その時、床が軋む音がして振り返ると、見たことのない男がゆっくりとした足どりでこちらへ近づいてきていた。
「おや、これはこれは白凪(しらなぎ)の姫、結菜様ではありませんか」
冷笑を浮かべた男の手には血塗れた太刀。
(…まさか、この人がお父様やお母様、皆を……!! )
足が竦んで立ち上がれないでいる結菜を見て男はクスリと笑うと、素早い動作で短刀を取り出して結菜の右手首を斬りつけた。
――途端、焼けるような痛みが走りぬける。
「……っ……!!」
「ふふっ……。僕の顔を見た罰ですよ。………何てね。まさか結菜姫の方から来てくれるとは思ってませんでした。…後からお迎えに上がろうと思ってたのに」
そっと結菜に近づいて顎を持ち上げる。
「痛いですか……? 痛いですよね。だって短刀には…………呪詛、を込めましたから」
「なっ……! き、きさま……!!」
父が大きく目を見開いて立ち上がろうとするが、よほど傷が深いのか、起き上がることも出来ず、再び地に伏せってしまう。

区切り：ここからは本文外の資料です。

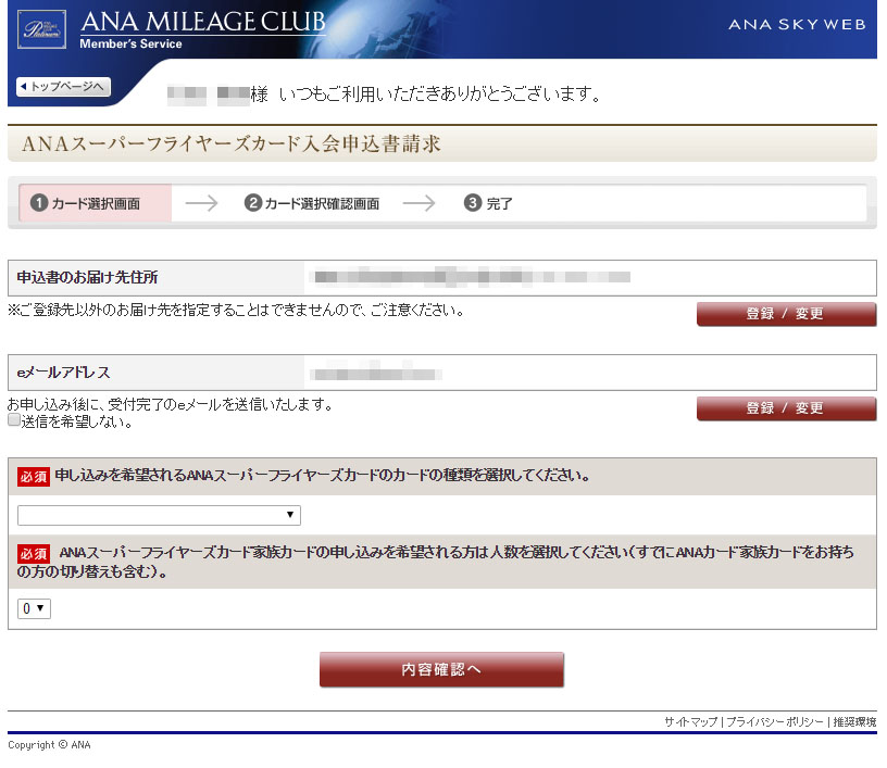 ステップ3:ANA ダイナース スーパーフライヤーズ プレミアム 申込書取り寄せ 5営業日

「ご安心ください、龍清様。この呪詛はジワジワと姫を蝕むもの。今すぐに……というものではございません。姫には2年の猶予を与えましょう。それまでに僕を捕らえられたなら……その時は姫の呪詛を解いて差し上げます。……ああ。くれぐれも、無理に解こうとしないように。治るどころか悪化するだけなので。……では姫。また“結菜姫と”会える日を楽しみにしていますよ……」
そう言って男は黒い闇に包まれて消えた。
「結菜……」
男の消えた場所を睨んでいた結菜の手が優しく包まれる。